Biochemistry-Eicosanoids Flashcards
What is an eicosanoid?
20C polyunsaturated fatty acids w/ 3-5 double bonds
Most common precursor for human eicosanoids
Arachadonic acid
How do eicosanoids differ from hormones?
Autocrine/paracrine instead of endocrine. Act on GPCRs instead of nuclear receptors. Rapidly degraded instead of stable.
How does eicosanoid synthesis get initiated?
A ligand binds to a receptor. 1) Phospholipase A2 is activated and releases arachadonic acid from the plasma membrane. Eicosanoid synthesis begins. 2) Phospholipase C is activated and forms 1,2-DAG from phosphatidylinositol bisphosphate. Diacylglycerol lipase releases AA and a monoacylglycerol. Monoacylglycerol lipase releases arachadonic acid from the remaining monoacylglycerol. Eicosanoid synthesis begins.
How do we get arachadonic acid in the first place?
Linoleoyl-CoA in the diet. It is converted to arachidonyl-CoA in the liver where it is esterified to form membrane phospholipids in the liver. When we need it it is released by a phospholipase, which can be released at the different sites shown below.
How does the structure of thromboxanes differ from that of the prostaglandins?
Thromboxanes have a 6-membered ring. Prostaglandings have a 5-membered ring.
What are the differences between the two cyclooxygenases?
COX-1 is constitutively active. COX-2 is induced by pro-inflammatory stimuli (IL-1, IL-2 and TNF-alpha). This is why it is more desirable to inhibit COX-2, mitigating pain and leaving the stomach alone by leaving COX-1 alone.
What is the rate determining step in eicosanoid synthesis? What follows it? What inhibits this step?
The cyclooxygenase step. It incorporates 2 oxygens into AA that causes cyclization of AA and formation of a peroxide. This is followed by a peroxidase reaction at COX’s other site that uses glutathione to reduce the peroxide to a hydroxy group. NSAIDs inhibit the rate determining step.
What part of COX-1 and COX-2 is exploited by drug companies?
The active site. COX-1 has and Isoleucine where COX-2 has a Valine. COX-2 can accommodate bulkier drugs and thats how it gets exploited. Smaller structures tend to be more specific for COX-1.
Where is the COX enzyme located?
Buried in the lipid bilayer. This is good because this is where the arachidonic acid is also located.
What type of drugs are NSAIDs? How do they work?
Hydrophobic. This is so they can bind to the same active site that arachidonic acid does. Aspirin covalently binds to a Ser in the active site and irreversibly inhibits COX. Other COX inhibitors bind slowly and tightly to the active site and inhibit COX by drug-induced conformational change that is irreversible.
What things are produced by COX-1?
It is constitutively expressed in most cells. It produces TXA2 in platelets and PGE2 & PGI2 (stimulate mucin production)

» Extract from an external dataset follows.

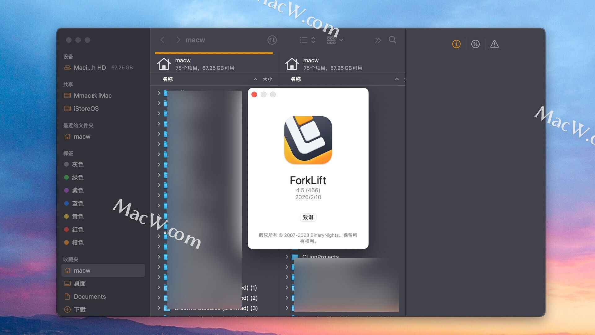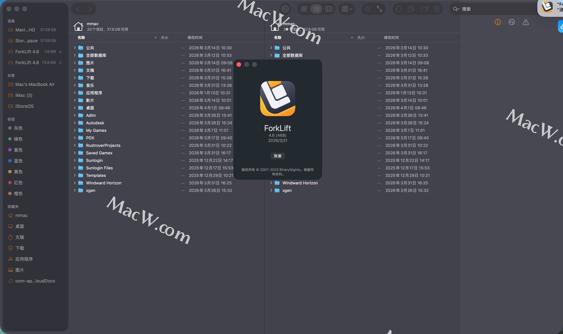 Forklift Mac破解版是Mac os系统上一款强大的文件管理程序,弥补了Finder文件管理比较单一的功能,强大到能远程连接Ftp、SFTP、Amazon S3、WebDAV、SMB、NIS、AFP等网络共享服务协议。测试环境:MacOS 26.2

What things are produced by COX-2?
It is induced in macrophages that were activated by cytokines. It produces PGE2 & PGI2 (modulate inflammation, pain, fever). Note that channeling these eicosanoids into angiogenic factors is implicated in colorectal cancer.

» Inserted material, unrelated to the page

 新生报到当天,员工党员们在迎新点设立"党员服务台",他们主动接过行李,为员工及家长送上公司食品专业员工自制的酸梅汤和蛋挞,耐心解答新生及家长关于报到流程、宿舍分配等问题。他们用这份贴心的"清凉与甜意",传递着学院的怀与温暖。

Why is the activity of eicosanoids so variable around the body?
There are different densities of receptors in different areas of the body and some receptors have opposing effects for binding of the same eicosanoid.

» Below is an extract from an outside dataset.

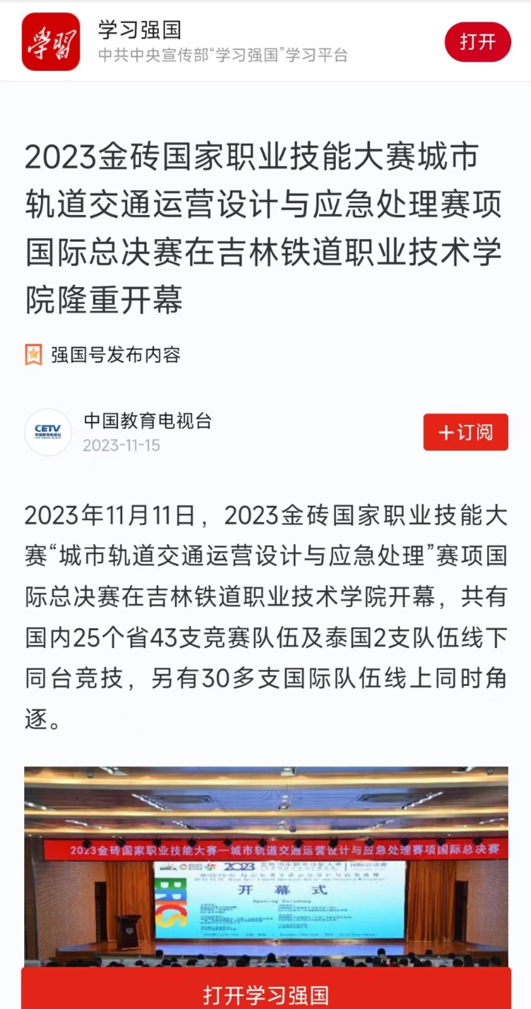 11月15日,【中国教育电视台】以“2023金砖国家职业技能大赛城市轨道交通运营设计与应急处理赛项国际总决赛在吉林铁道职业技术学院隆重开幕”为题对我校进行了报道。

Why do we use low-dose aspirin to prevent myocardial infarction?
Platelets have COX-1 activity that produces TxA2, which promotes platelet aggregation. Aspirin irreversibly inhibits COX-1 in platelets, which are anucleate and cannot produce more COX-1, so the effects last 7-10 days. Additionally, you do low dose so you selectively inhibit platelet COX-1 while leaving enterocyte COX-1 alone.